*** Material for this task ***
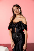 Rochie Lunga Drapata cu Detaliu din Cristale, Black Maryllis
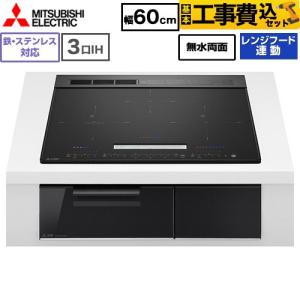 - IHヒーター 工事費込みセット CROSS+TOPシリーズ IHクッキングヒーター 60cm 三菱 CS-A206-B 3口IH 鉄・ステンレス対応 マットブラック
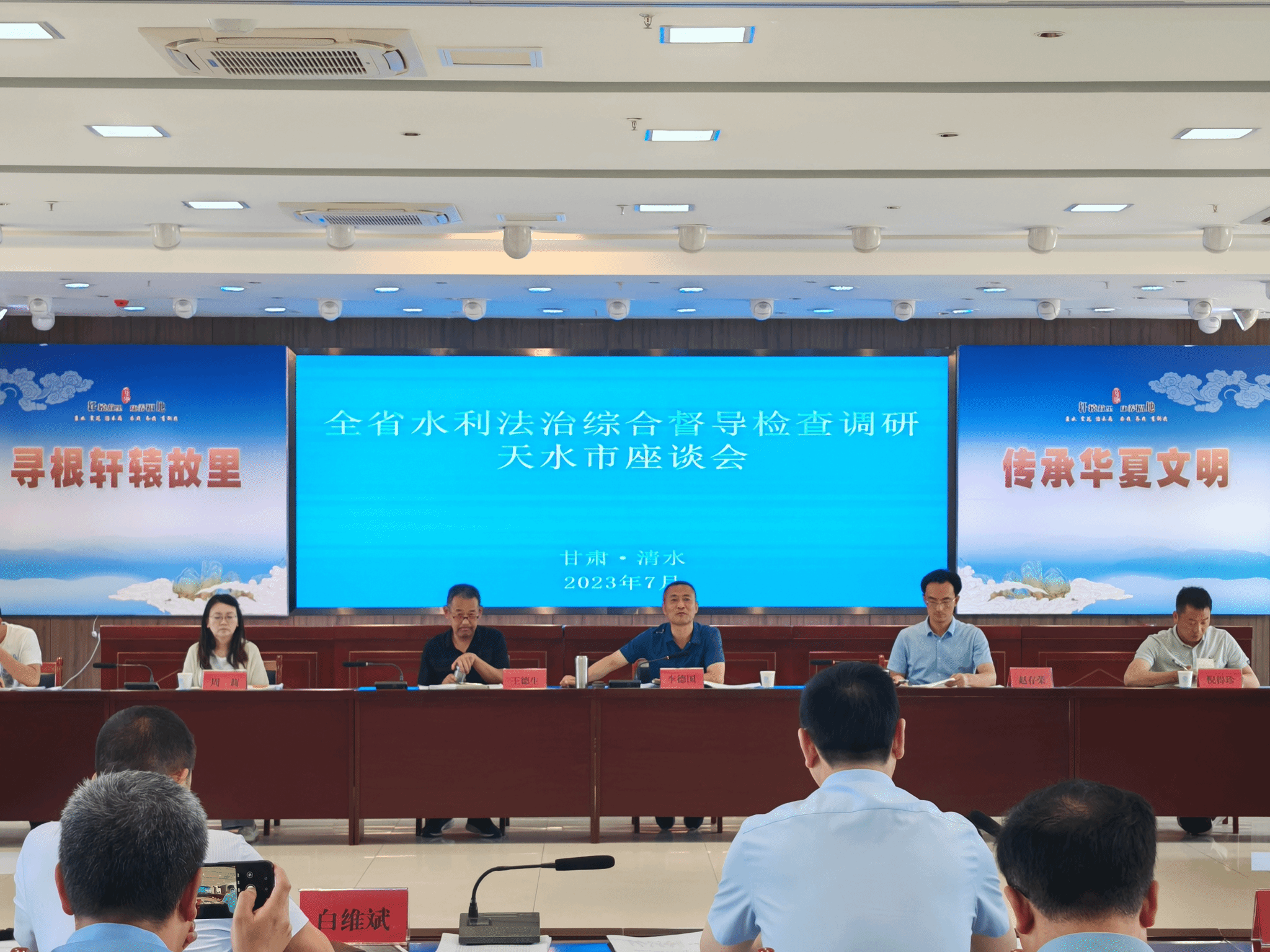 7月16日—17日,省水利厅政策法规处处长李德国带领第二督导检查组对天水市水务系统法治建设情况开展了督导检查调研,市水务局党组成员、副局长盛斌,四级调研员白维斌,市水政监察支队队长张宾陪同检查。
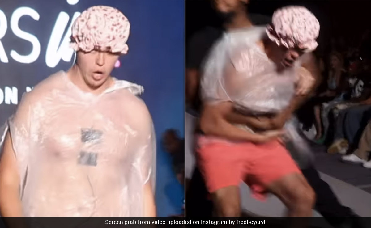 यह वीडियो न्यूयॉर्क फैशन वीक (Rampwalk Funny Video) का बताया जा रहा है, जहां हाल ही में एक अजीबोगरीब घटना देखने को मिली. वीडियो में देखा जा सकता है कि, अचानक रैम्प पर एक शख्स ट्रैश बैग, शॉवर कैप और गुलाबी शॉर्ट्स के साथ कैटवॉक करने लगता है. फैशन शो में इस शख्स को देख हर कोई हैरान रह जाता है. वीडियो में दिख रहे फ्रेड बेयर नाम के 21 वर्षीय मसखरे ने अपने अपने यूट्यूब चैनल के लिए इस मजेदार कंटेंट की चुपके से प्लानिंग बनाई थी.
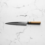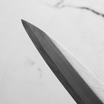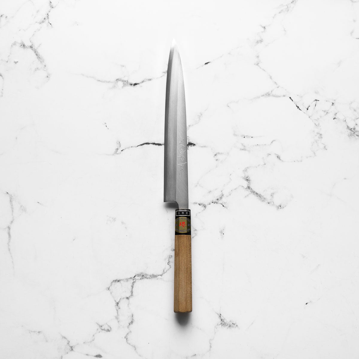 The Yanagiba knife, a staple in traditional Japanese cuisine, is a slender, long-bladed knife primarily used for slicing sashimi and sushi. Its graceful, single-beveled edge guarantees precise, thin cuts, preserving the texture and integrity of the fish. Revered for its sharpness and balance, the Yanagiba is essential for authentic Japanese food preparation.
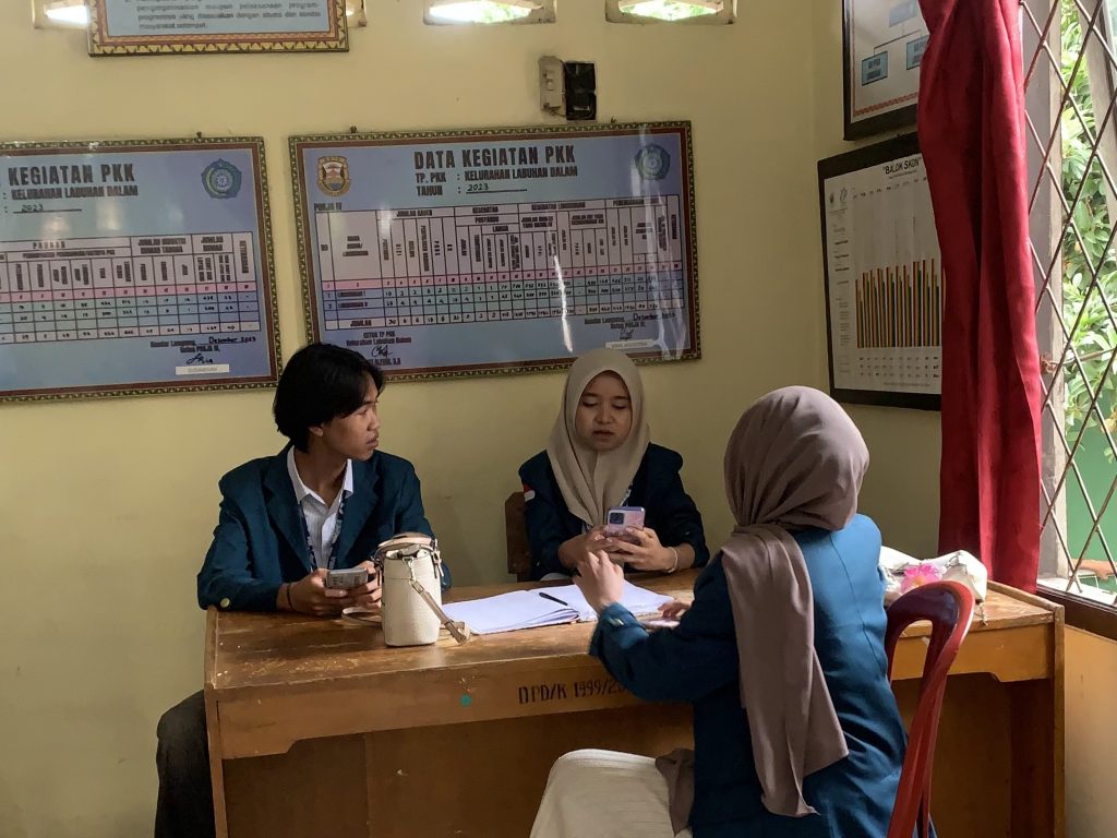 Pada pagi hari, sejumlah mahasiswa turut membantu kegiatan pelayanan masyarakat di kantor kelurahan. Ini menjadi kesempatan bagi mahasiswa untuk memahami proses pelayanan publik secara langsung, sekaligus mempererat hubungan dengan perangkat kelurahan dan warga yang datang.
*** End of Material for this task ***
■ **What is expected**:
Starting at the line that contains "- IHヒーター 工事費込みセット", extract each line through the last line of the material exactly as written, and include no pictures.

■ **The answer**:
 - IHヒーター 工事費込みセット CROSS+TOPシリーズ IHクッキングヒーター 60cm 三菱 CS-A206-B 3口IH 鉄・ステンレス対応 マットブラック
 7月16日—17日,省水利厅政策法规处处长李德国带领第二督导检查组对天水市水务系统法治建设情况开展了督导检查调研,市水务局党组成员、副局长盛斌,四级调研员白维斌,市水政监察支队队长张宾陪同检查。
 यह वीडियो न्यूयॉर्क फैशन वीक (Rampwalk Funny Video) का बताया जा रहा है, जहां हाल ही में एक अजीबोगरीब घटना देखने को मिली. वीडियो में देखा जा सकता है कि, अचानक रैम्प पर एक शख्स ट्रैश बैग, शॉवर कैप और गुलाबी शॉर्ट्स के साथ कैटवॉक करने लगता है. फैशन शो में इस शख्स को देख हर कोई हैरान रह जाता है. वीडियो में दिख रहे फ्रेड बेयर नाम के 21 वर्षीय मसखरे ने अपने अपने यूट्यूब चैनल के लिए इस मजेदार कंटेंट की चुपके से प्लानिंग बनाई थी.
 The Yanagiba knife, a staple in traditional Japanese cuisine, is a slender, long-bladed knife primarily used for slicing sashimi and sushi. Its graceful, single-beveled edge guarantees precise, thin cuts, preserving the texture and integrity of the fish. Revered for its sharpness and balance, the Yanagiba is essential for authentic Japanese food preparation.
 Pada pagi hari, sejumlah mahasiswa turut membantu kegiatan pelayanan masyarakat di kantor kelurahan. Ini menjadi kesempatan bagi mahasiswa untuk memahami proses pelayanan publik secara langsung, sekaligus mempererat hubungan dengan perangkat kelurahan dan warga yang datang.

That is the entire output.